Редукция как акт рефлексии оказывается заложницей лицемерия и самообмана, ей не дано освободить человека от фальши. Стремление перестать быть всего лишь человеком и превратиться в трансцендентальную субъективность, которое для Финка и Гуссерля составляло высшую точку философской конверсии, высмеивается Сартром как возвышающий самого себя обман.

Анализ самообмана станет одной из основных тем в «Бытии и ничто»429, где освобождение, отрыв я от самого себя430 осуществимы в редукции – но не по преимуществу в редукции, а в том числе и в редукции. Редукция перестает быть преимущественным моментом самотрансцендирования, ее роль сводится лишь к примеру – к примеру свободного акта. Акцент полностью смещается на тревогу в качестве «сознания свободы»431. Однако свобода как самотрансцендирование означает, что самотождественность остается недостижимой: самость всегда расщеплена, но это расщепление не служит для преодоления философской наивности, это всего лишь факт, своего рода «необходимая случайность»432 жизни сознания. Другим «необходимым фактом»433 является взгляд другого, лишающий меня трансцендентности и метастабильности и фиксирующий меня в моем собственном бытии434. Взгляд другого, превращающий меня в объект, служит «предзнаменованием» «философской конверсии»435: мое бытие-для-другого есть «абсолютное событие», которое является «условием всякой истории»436.

Из вышесказанного хорошо видны те методические трудности, к которым приходит сартровская феноменология. Действительно, редукция не может быть ее методом, потому что редукция остается в плену у самообмана; однако дескрипция – метод, наиболее подходящий для работы с «фактами» – тоже затруднена в силу текучего, «метастабильного» характера самости, ускользающей от интроспекции и от возможностей имманентного описания в целом.

Доминик Жанико пиcал, что Сартр работает как «драматург»437, который «представляет» перед читателем жизнь сознания одновременно изнутри и снаружи. С этим утверждением трудно не согласиться (хотя кинематографическая метафора подошла бы, может быть, еще лучше), однако следует задаться вопросом: каково не художественное, а именно философское значение такого подхода?
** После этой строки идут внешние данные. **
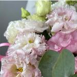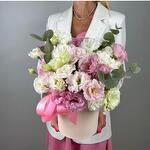 Необычайно красивый букет из нежных Эустом в розовых тонах. Оформлен в шляпную коробку. Для того, чтобы букет дольше вас радовал. Требуется поливать флористическую губку. Композиция дополнена ароматными веточками эвкалипта, что придает шарм букету. Подарок отлично подойдет любимой жене, девушке, подруге, маме, коллеге.  В нашем магазине вы также найдете: сладкие подарки (торты, клубнику в шоколаде, шоколадные изделия) Воздушные шары Мягкие игрушки Украшения Если чего-то не найдете в каталоге, можете написать нам в чат через кнопку «написать», наши менеджеры с удовольствием помогут подобрать ваш лучший подарок.
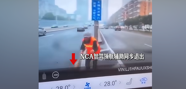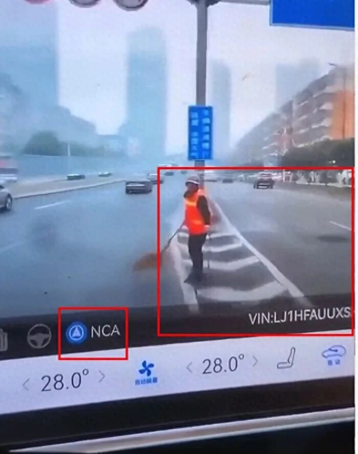 通过网络上的视频来看,这台车本来是在正常行驶,行驶到快要上桥的路口时,突然向右拐,但右边是导流线,可能是基于智驾系统尽量不压实线的逻辑,在车辆压线后又朝左边打了一把方向,但车辆没有减速停止的趋势,直接撞到了站在导流线上的一位环卫工人。
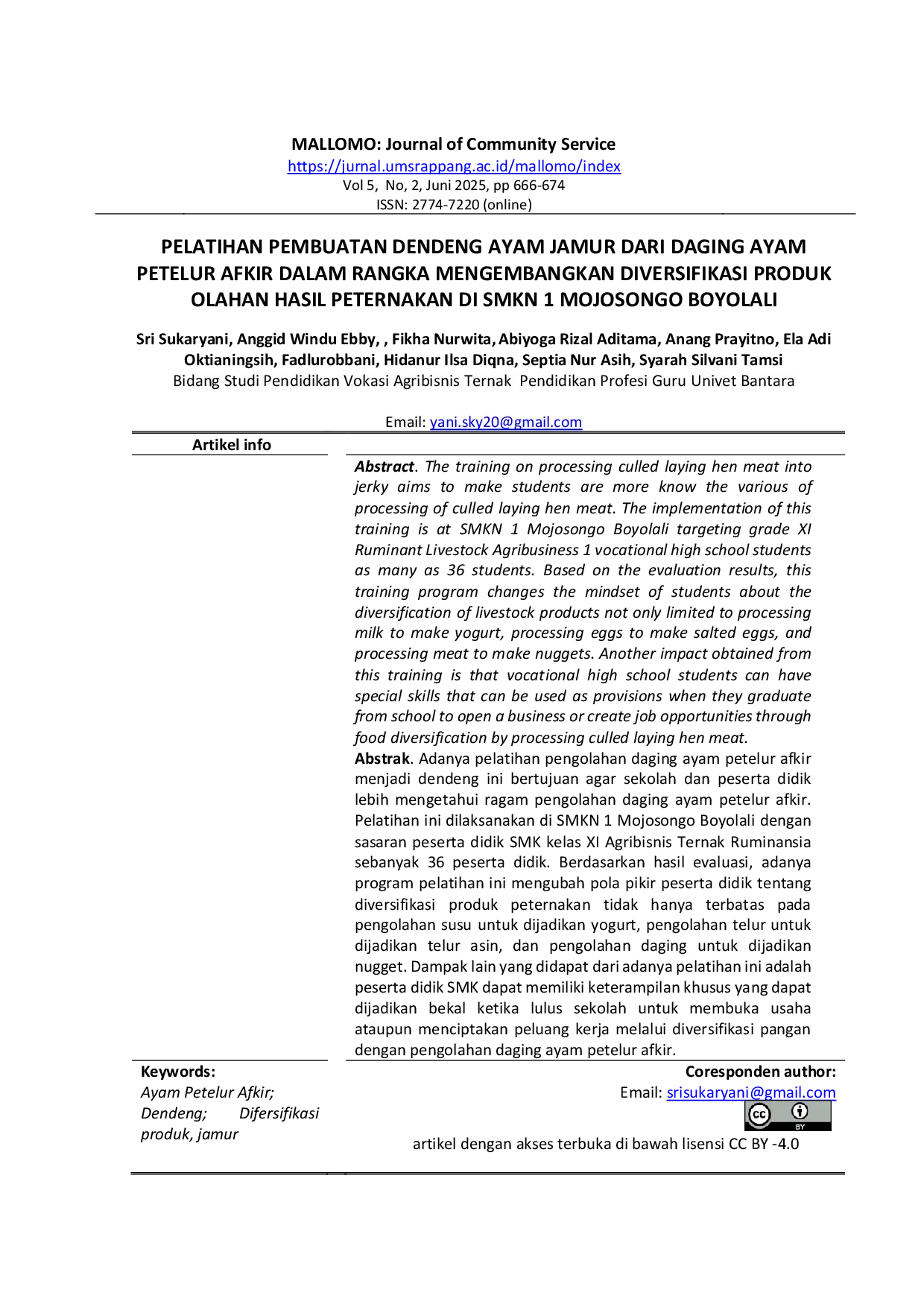 MALLOMO: Journal of Community ServiceMALLOMO: Journal of Community ServiceAdanya pelatihan pengolahan daging ayam petelur afkir menjadi dendeng ini bertujuan agar sekolah dan peserta didik lebih mengetahui ragam pengolahan daging ayam petelur afkir. Pelatihan ini dilaksanakan di SMKN 1 Mojosongo Boyolali dengan sasaran peserta didik SMK kelas XI Agribisnis Ternak Ruminansia sebanyak 36 peserta didik. Berdasarkan hasil evaluasi, adanya program pelatihan ini mengubah pola pikir peserta didik tentang diversifikasi produk peternakan tidak hanya terbatas pada pengolahan susu untuk dijadikan yogurt, pengolahan telur untuk dijadikan telur asin, dan pengolahan daging untuk dijadikan nugget. Dampak lain yang didapat dari adanya pelatihan ini adalah peserta didik SMK dapat memiliki keterampilan khusus yang dapat dijadikan bekal ketika lulus sekolah untuk membuka usaha ataupun menciptakan peluang kerja melalui diversifikasi pangan dengan pengolahan daging ayam petelur afkir.
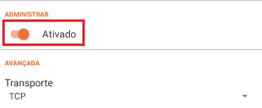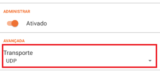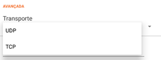 > Role a tela para baixa, em Avançada, altere as opções de UDP para TCP no campo Transporte, ou vice-versa.

Нам представляется, что подобное стереоскопическое описание представляет собой дескрипцию, которая не только не является эйдетической, но и вообще не претендует на непосредственное описание; эта дескрипция опосредованная438, или, точнее, дескрипция феноменов в определенной среде.
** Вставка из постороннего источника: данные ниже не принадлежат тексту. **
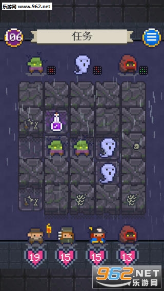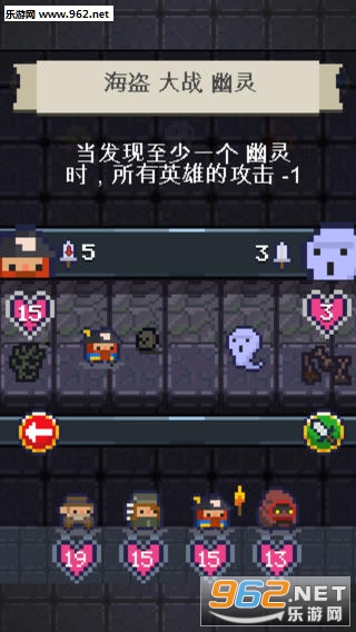 除了队员们的常量(攻防数值、技能)以外,你的队伍还存在着变量——队长技能。许多英雄都拥有自己的队长技,但只有将其委任为小队领袖之后才能激活。比如让法师(Cleric)真正成为“灵道”之后,它就能在每一回合结束之后自动祝福团队中血最少的成员(HP增加一点),大大减少不必要的减员。当然,你的敌人也不可能坐等披坚执锐的英雄团队上来“翻牌子”,不仅仅是直观的攻击力,它们只要现身,就会对周围的英雄产生各种Debuff。比如幽灵就会让相邻格子的英雄的攻击力下降一个点。木乃伊出现之后,队长就会被强制扣血。而每削去史莱姆一点血,它们的攻击力就会呈反比增加。
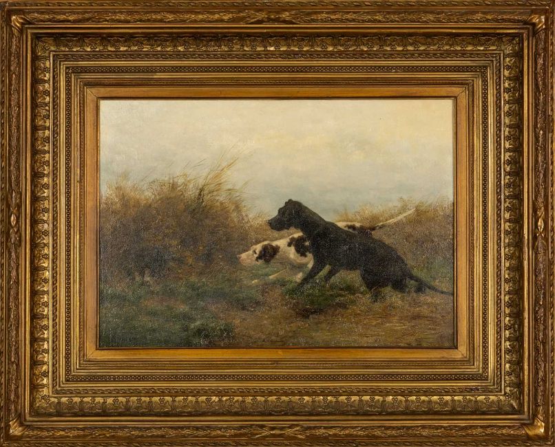 NELSON GRAY KINSLEY (English 1863-1945) oil on canvas - gundog pair stalking grouse in cover, signed and dated '87, 29 x 42cmsProvenance: private collection Rhondda Cynon TaffComments: framed, ready to hang, Frankfurt gilders label verso Dimensions: 100 Qty: 200
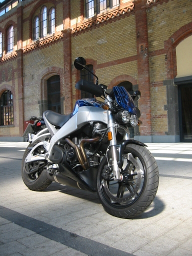 Einmal mehr polarisiert Erik Buell mit der XB 9 Citycross seine Anhänger. Transluzente Kunstoffteile bei Frontschild und Tankcover erinnern an die guten alten MAC Computer. Unser F.A.S.T Ansaugluftsystem freut sich schon auf starke Auftritte. Dem breiten Lenker werden bald noch breitere folgen. Leute das Ding ist cool! |
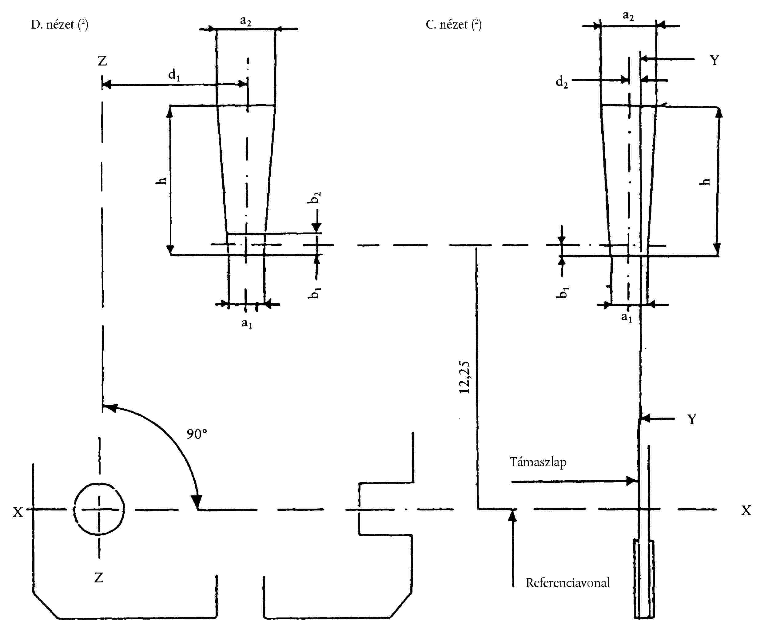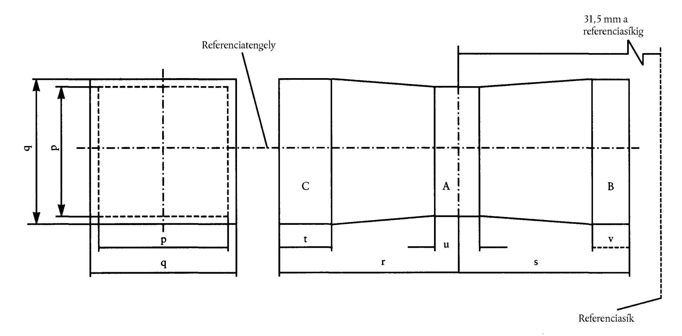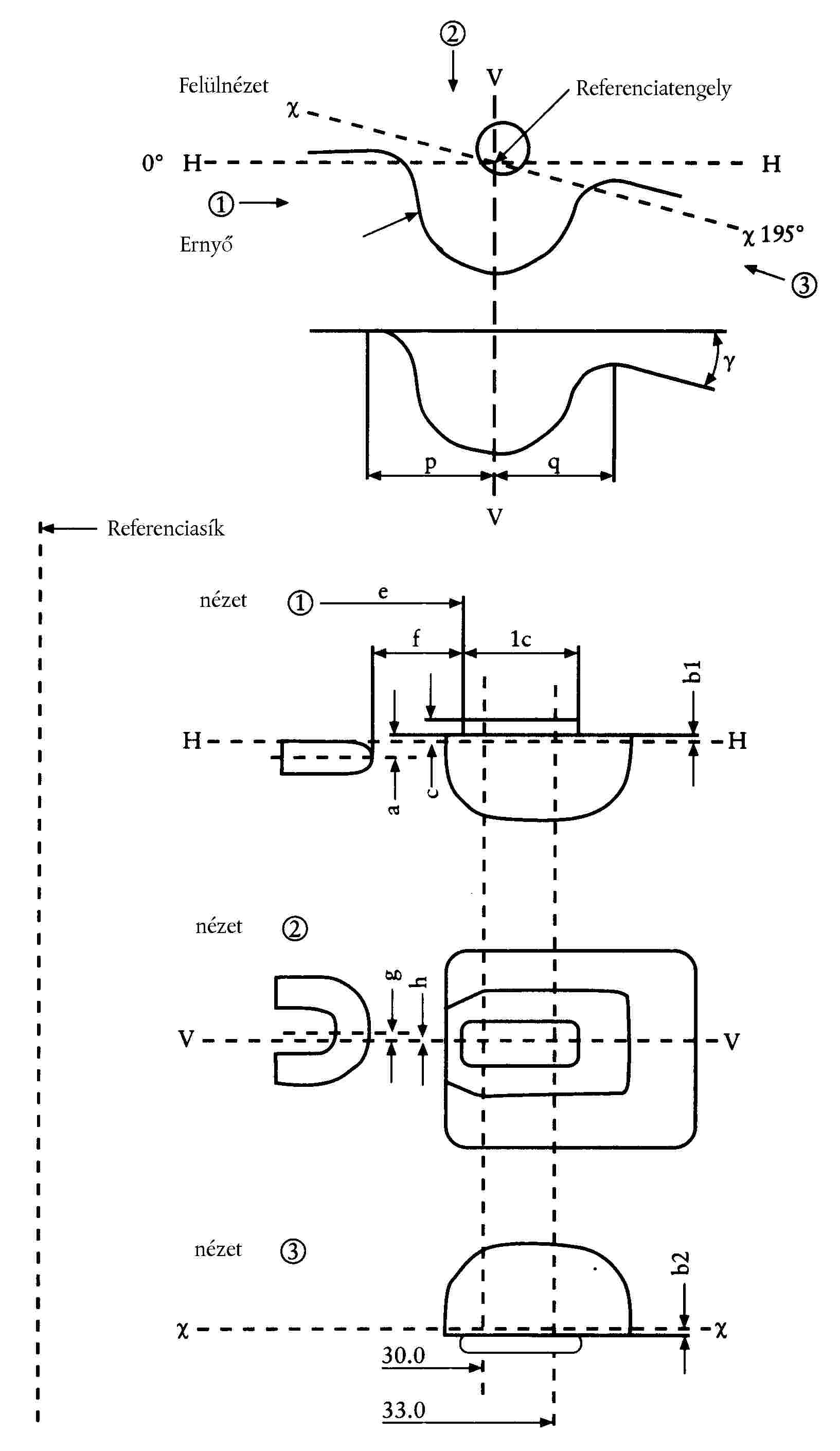 ( 46 ) A referenciatengely merőleges a referenciasíkra és a 45 mm-es lámpafej-átmérő közepén halad át.

Эта среда может определенным образом искажать изучаемые феномены – тогда необходимо ввести рекурсивное движение, вводить в исследование «поправочный член» – но вне этой среды некоторые феномены вообще не могут быть схвачены. Для раннего Сартра этой средой было рефлексивное сознание – искажающее нерефлексивную жизнь сознания; у Мерло-Понти, двигавшегося в следе Ойгена Финка, эта среда станет медиумом языка, а Мишель Анри, наиболее методически настороженный из наследников Сартра даст ее подлинное имя – имя «среды феноменализации»439.

В целом, вся «сартровская» линия французской феноменологии удержит завоеванный Сартром методический плацдарм, благодаря которому феноменологии удалось существенно расширить область своей работы: «дескрипция в среде» позволила ввести в феноменологическую работу не только собственный опыт феноменолога (пусть даже и обогащенный и скорректированный другими участниками феноменологического движения), но и те описания человеческого опыта, которые заведомо превосходят возможности дескрипции чьего бы то ни было личного опыта. Речь идет не только о работе с литературным текстом, с фикцией – на стыке между феноменологией и «литературной теорией»; этот метод предложил способ работы с огромным объемом дескрипций человеческого опыта, сделанных вне строго феноменологической парадигмы, а именно дескрипций психопатологических. «Дескрипция в среде» как методический прием открыла возможности феноменологического подхода к этому обширный материал, что существенно расширило область феноменологической работы и привело к появлению интересных и поистине новаторских исследований (мы имеем в виду в первую очередь работы Анри Мальдине и Марка Ришира). Нам представляется, что именно это направление в современной феноменологии является наиболее многообещающим и плодотворным.